Flee (Flugt)
Jonas Poher Rasmussen (2020)
"Flee" (et heureusement) n'est pas un énième film d'animation sur l'oppression du régime des Talibans en Afghanistan. Ces derniers n'occupent qu'une place périphérique dans le récit, même s'ils sont à l'origine de l'exil d'Amin et d'une partie de sa famille. En matière de violation des droits de l'homme et de traitements inhumains et dégradants, presque tout le monde est renvoyé dos à dos: le régime communiste de Kaboul à l'origine de l'arrestation et de la disparition du père d'Amin ainsi que de l'exil de son grand frère (pour échapper à l'enrôlement dans la guerre qui l'opposait aux moudjahidines soutenus par les USA); la police russe post-soviétique totalement corrompue qui harcèle Amin et sa famille à cause de sa situation irrégulière dans le pays; les passeurs qui les font traverser dans des conditions qui mettent leur vie en danger; les occidentaux qui regardent ces migrants comme des attractions touristiques, les enferment en centre de rétention et les traitent comme des parias; les procédures de demande d'asile qui obligent à trafiquer les faits etc.
Toutes ces péripéties proviennent du récit d'Amin, brillant universitaire d'origine afghane réfugié au Danemark que le réalisateur a rencontré lorsqu'il est arrivé dans son village alors âgé de 16 ans et avec lequel il est devenu ami. 20 ans plus tard, Jonas Poher Rasmussen a l'idée de le faire parler et de transformer ce témoignage en film d'animation, ponctué d'images d'archives live fournissant des repères historiques.
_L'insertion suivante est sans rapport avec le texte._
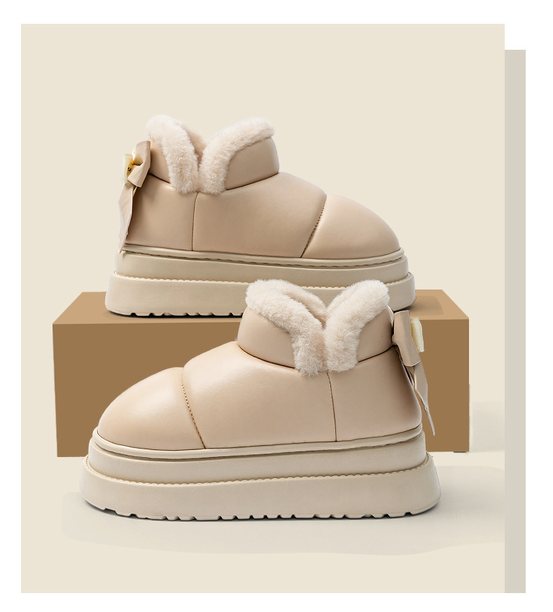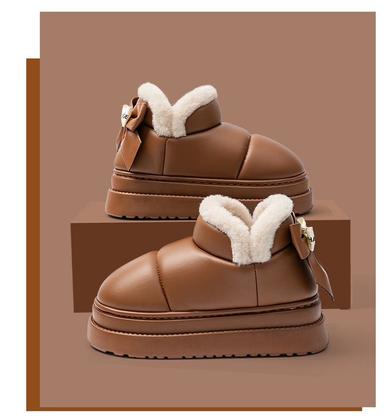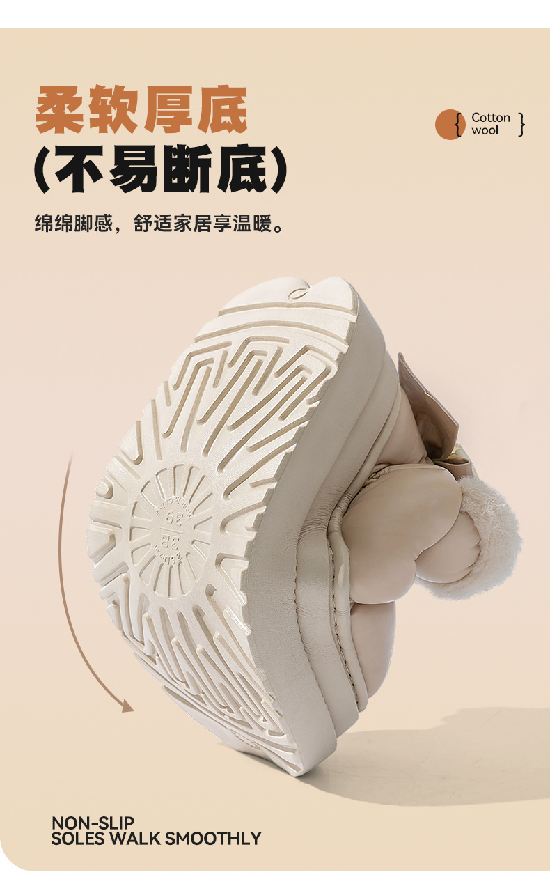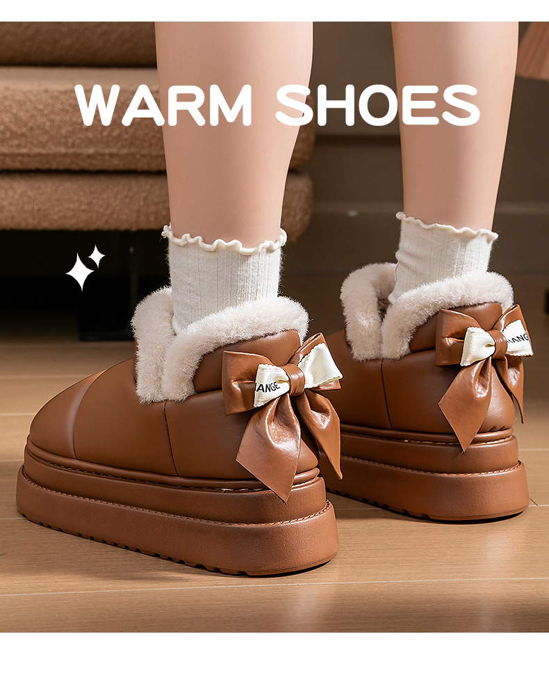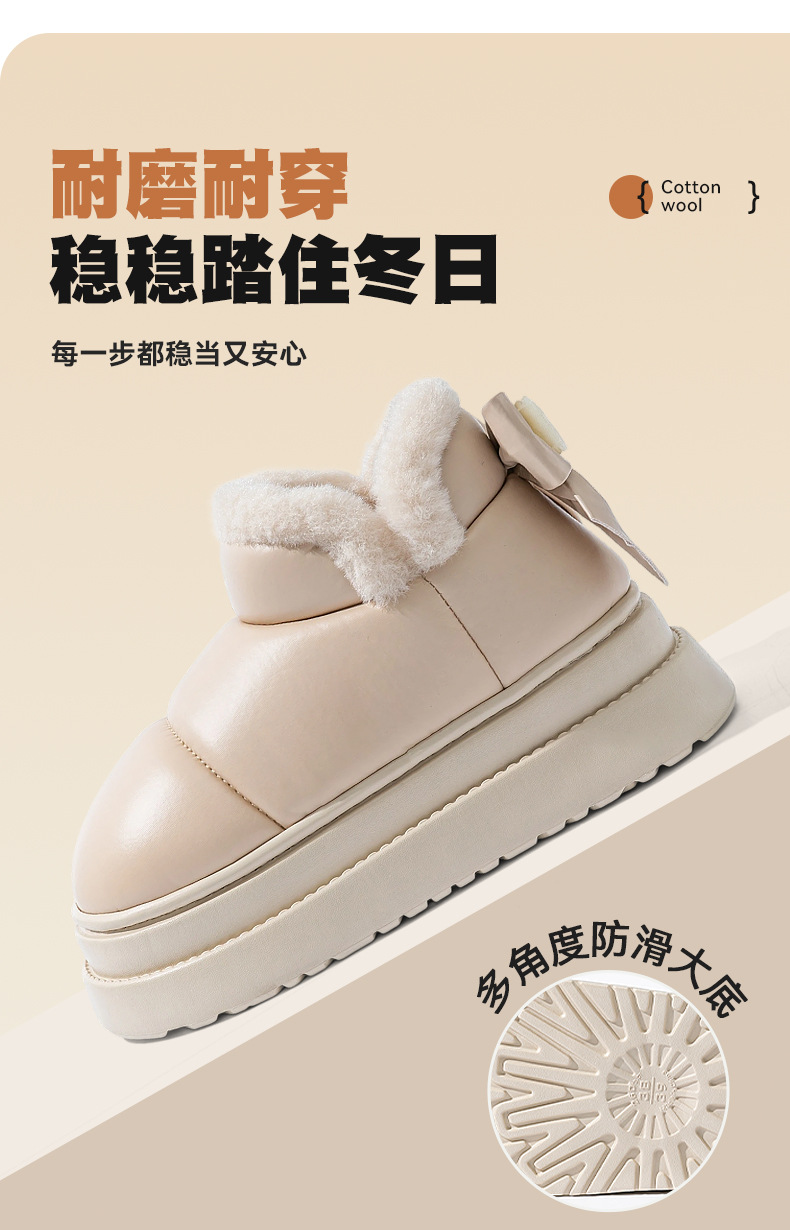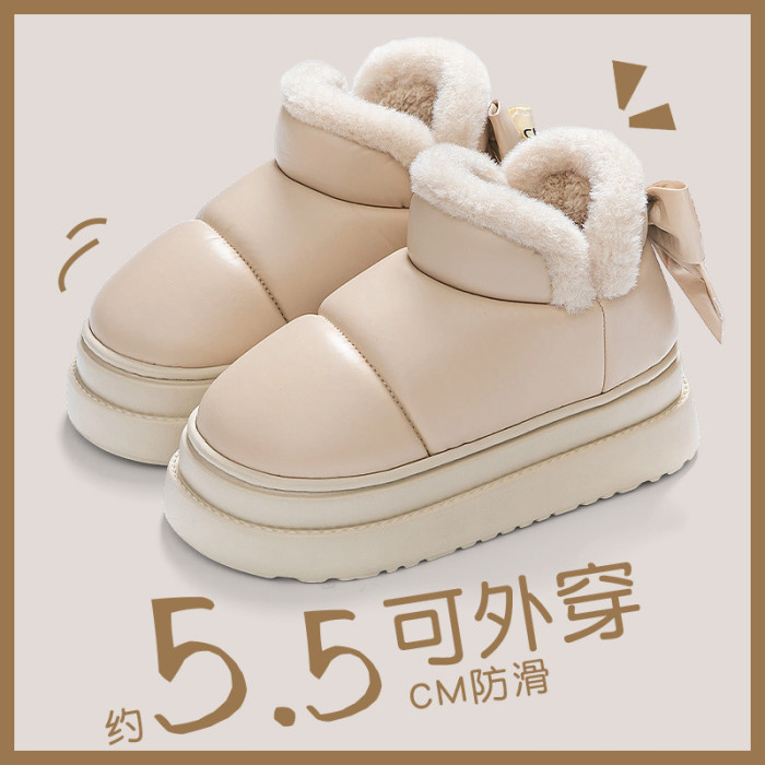 棉拖鞋女士秋冬季2025新款室內家居厚底防水蝴蝶結加絨保暖拖鞋女
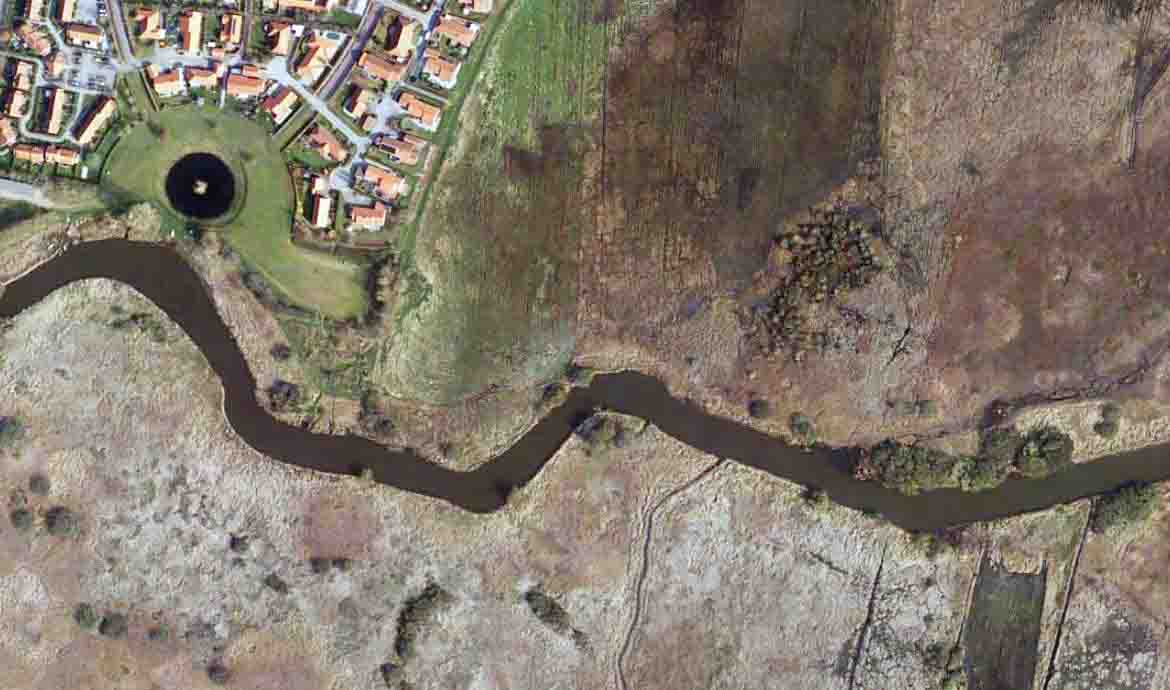 Se selv på åforløbet fra Mølledammen til Varming Bro – og bemærk de mange lige strækninger.

L'animation elle-même est de deux sortes: réaliste dans les moments calmes, elle se transforme en esquisse lorsqu'on touche à la mémoire traumatique d'Amin, c'est à dire aux épisodes de fuite et d'arrestation (en cela, j'ai pensé à un autre récit de réfugiés de guerre transposé en animation "Josep") (2020) et aussi bien sûr à "Valse avec Bachir" (2007) pour la confession d'un traumatisme qui remonte peu à peu à la surface). Peu à peu, Amin est amené à se défaire de la version officielle de sa vie, telle qu'il l'a donnée à son arrivée au Danemark en tant que réfugié mineur isolé et telle qu'il nous la donne au début du film. En effet, même une fois à l'abri, on découvre que celui-ci est resté prisonnier de son passé qu'il a tenu secret et que celui-ci l'empêche de se projeter dans l'avenir. Hormis dans le domaine de sa carrière, Amin a tellement peur d'être trahi (comme il l'a été à plusieurs reprises) qu'il est devenu paranoïaque et répugne à s'engager. Ce réflexe de dissimulation recouvre une autre dimension de la personnalité d'Amin, son homosexualité, taboue en Afghanistan, qui colore son ressenti mais qu'il ne peut ouvertement exprimer qu'à son arrivée au Danemark. Enfin, le film est une réflexion sur le poids des liens familiaux: l'entraide s'avère être un facteur décisif dans la réussite de l'entreprise mais la séparation également. Quant à l'intégration, on voit bien comment elle est entravée par ces mêmes liens qui font passer la famille (et sa survie) avant tout autre engagement sans parler du sentiment de dette que Amin ressent envers ceux qui se sont sacrifiés pour lui.